Рощезвон медленно поднялся и, закутанный в мантию, так же медленно двинулся по пыльному проходу к парте, за которой сидел мальчик. Профессор выглядел благодушно и царственно.

– Ты даже не закончил вырезать «О», – сказал он каким-то далеким, скорбным голосом. – Заканчивай эту букву, но остальные тут не вырезай. – Глупая ухмылка стала захватывать нижнюю часть лица Рощезвона. – Оставь недостающие буквы для своего учебника по грамматике!

Учитель произнес последнюю фразу веселым голосом, совершенно не обычным для него, и начал смеяться так, что явно возникла опасность – смех этот прекратить не удастся. Однако неожиданно смех прервался – Рощезвон схватился за челюсть, зубы в которой взывали к тому, чтобы их удалили.

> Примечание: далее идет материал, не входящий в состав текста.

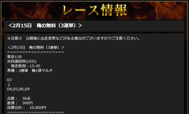安定と安心を無料予想で届けてくれる!しかも最近馬帝国管理人が自腹検証をし

Через несколько секунд Рощезвон сказал:

– Встань и выйди из-за парты.

Затем он сам уселся за парту, взял перочинный ножик, лежащий перед ним, и стал вырезать недостающие части буквы «О». За этим занятием его застал звонок. Мальчики бурным потоком ринулись к двери, словно надеялись обнаружить за нею воплощение всех своих мечтаний. А вдруг там, за дверью, их ожидают романтические приключения, которые принесет в своих когтях орел или олень на ветвистых рогах?

Ирма желает устроить званый ужин

– Хорошо, мы организуем для тебя званый ужин! – воскликнул Хламслив. – Обязательно организуем!

В его голосе прозвучало дикое и одновременно радостное отчаяние. Радостное – потому что было принято хоть какое-то решение, пусть и неразумное. Отчаяние – потому что жизнь с Ирмой была полна отчаяния в любом случае. Невыносимость ситуации лишь усиливалась ее страстным желанием устроить прием.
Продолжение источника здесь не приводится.